Muitos professores se calam e se adaptam por receio de “desaparecer”. Alguns aderem ao “cancelismo” com entusiasmo: uma universitária de Massachusetts ficou “super orgulhosa” de retirar a Odisseia de Homero de seu programa de ensino. Outros sofrem. Uma jornalista do New York Times teve que provar aos seus superiores a equidade no número de negros, brancos, mulheres e homens que serviram como “fonte” em sua reportagem.

 “Fascismo não é impedir de dizer, é obrigar a dizer” (Roland Barthes)

O politicamente correto substituiu a antiga censura. Quer instaurar o pensamento único. É, de novo, o mesmo totalitarismo que torna o debate impossível. Céline, tanto quanto Monteiro Lobato, pode e deve ser lido sem qualquer alteração. Apenas com explicação. Em literatura não se toca! Só a educação nos permite distinguir o certo do errado.

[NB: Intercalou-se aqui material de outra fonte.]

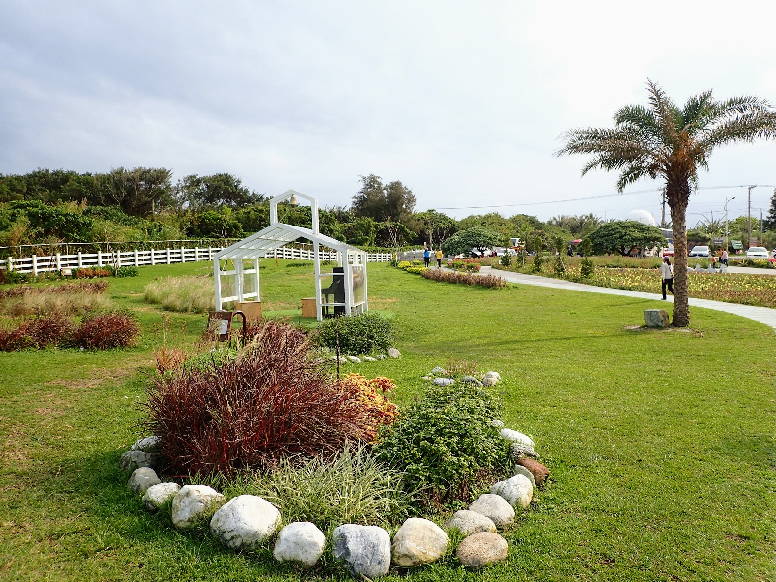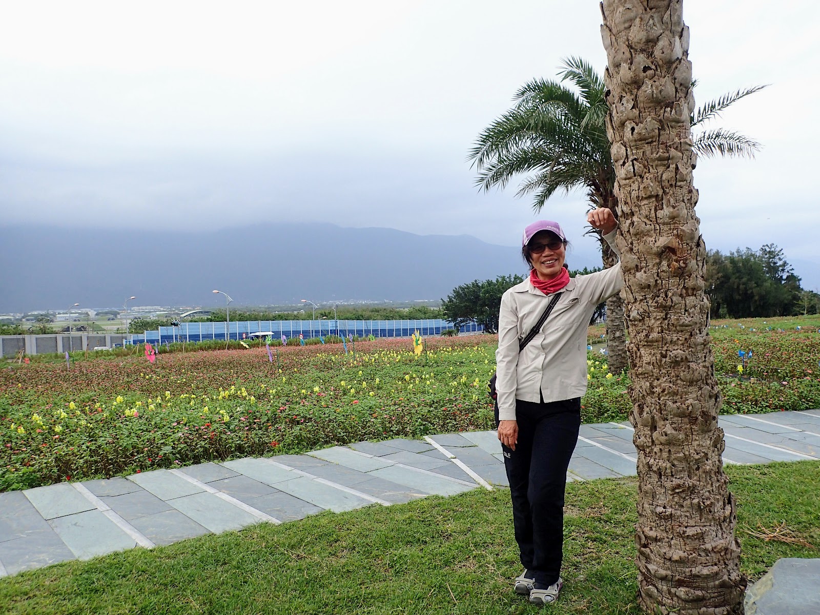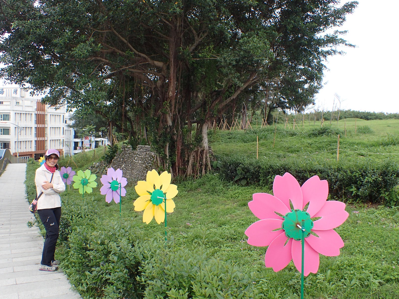 沿著彩色花型風車步道

Como escreveu J. Roberto Whitaker Penteado, autor de Os Filhos de Lobato (Ed. Globo), em matéria especial para o Estadão, há um ano, “não se deve censurar ou mexer em uma vírgula sequer dos mais de 50 livros e quase 100 traduções que Monteiro Lobato publicou, entre 1914 e 1948”. “Reescrever qualquer parte da obra dele”, diz o escritor, “seria como reformar Brasília, transformar a Asa Branca em Asa Negra ou fechar o abraço do Cristo Redentor.”

Leia Felinto, em 1998, quando escreve sobre Spielberg. Ela, que quer “revisão e alteração” da literatura da nossa infância, aparece apontando teorias de conspiração, em plena histeria antissemita.

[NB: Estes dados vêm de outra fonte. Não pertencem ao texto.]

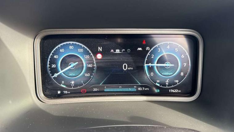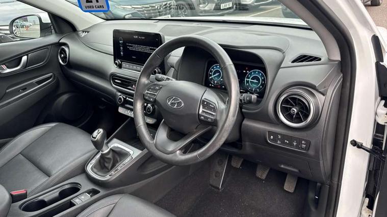10.25" touchscreen centre console display satellite navigation with live services and mapcare, Blind spot Collision Warning (BCW), Bluetooth connectivity, Cruise control + speed limiter, Digital clock, Driver attention warning, Driver supervision instrument cluster with 10.25" LCD display, eCall emergency call system, Forward collision avoidance assist with pedestrian detection, Front parking sensor, Head up Display, Intelligent speed limit warning, Lane follow assist, Lane keep assist, Leading vehicle departure alert (LVDA), Parking system with rear camera and guidance system, PAS, Phone connection with apple carPlay and android auto, Rear cross traffic collision warning (RCCW), Rear parking sensor, Roadside assistance, Safe exit warning (SEW), Windscreen washer fluid sensor and warning indicator, Wireless phone charging pad, 6 speed intelligent manual transmission, Front and rear USB ports, Krell premium audio system with 8 speakers including external amplifier and subwoofer, RDS and Digital DAB, Steering wheel mounted audio/phone controls, Auto dimming rear view mirror, Automatic headlights with dusk sensor, Automatic windscreen wipers with rain sensor, Body colour door mirrors and handles, Door mirror integrated indicators, Electric front/rear windows with drivers one touch/anti-trap, Electric tilt/slide glass sunroof, Electrically adjustable and heated door mirrors, Front fog lights, LED daytime running lights, LED Headlights, LED rear lights, Painted anthracite body garnish, Positioning Lights - LED, Power folding door mirrors, Privacy glass - Rear windows and tailgate, Rear roof spoiler with integrated LED brake light, Rear side wing doors, Rear skid plate - silver, Rear wiper, Roof rails, Solar glass with front door glass and windscreen shade band, Windscreen auto defog function, 12V power outlet in front console, 3 seat bench in 2nd row, 60/40 split folding rear seat, Adjustable head restraints, Air conditioning climate control, Ambient lighting, Centre interior light, Door scuff plate, Driver and passenger front seat pockets, Driver's seat electric adjustments, Driver's seat electric lumbar support, Driver/passenger sunvisors and illuminated vanity mirrors, Front interior light, Front passenger's seat electric adjustments, Heated front seats, Heated rear seats, Heated steering wheel, Height/reach adjustable steering column, Isofix rear child seat fastenings, Leather upholstery, Leather wrapped steering wheel and gear knob, Luggage compartment lighting, Luggage hooks, Luggage net, Metal paint effect interior door handles, Parcel shelf, Rear centre armrest, Rear centre console with air vents, Single front passenger seat, Sunglasses holder, Ventilated front seats, Vertical adjustment rear head restraints, Trailer wiring package - Kona, Airbags - front, front side and curtain airbags, Anti-lock brake system (ABS), Childproof rear door locks, Downhill brake control, EBD + Brake Assist, Electric parking brake, Electronic stability control, Fasten seatbelt reminder, Fixed 3 point for second row centre passenger seatbelt, Front seatbelt pretensioners, Height adjustable front seatbelts, Hill start assist control (HAC), Passenger airbag deactivate switch, Rear seat alert, Traction control, Tyre pressure monitoring system, Alarm/immobiliser, Deadlocks, Folding key, Locking wheel nuts, Remote central locking, Smart key with keyless entry and engine start/stop button, 18" Alloy wheels,

Até a próxima, que agora é hoje e não temos nada a ver com a “não leitura de Monteiro Lobato” por Marilene Felinto, mas temos tudo a ver com a verdadeira luta contra TODOS os racismos!

Nota: *Blackface (rosto negro) refere-se à prática teatral de atores que se coloriam com carvão para representar personagens afro-americanos de forma exagerada, geralmente em espetáculos de menestréis norte-americanos.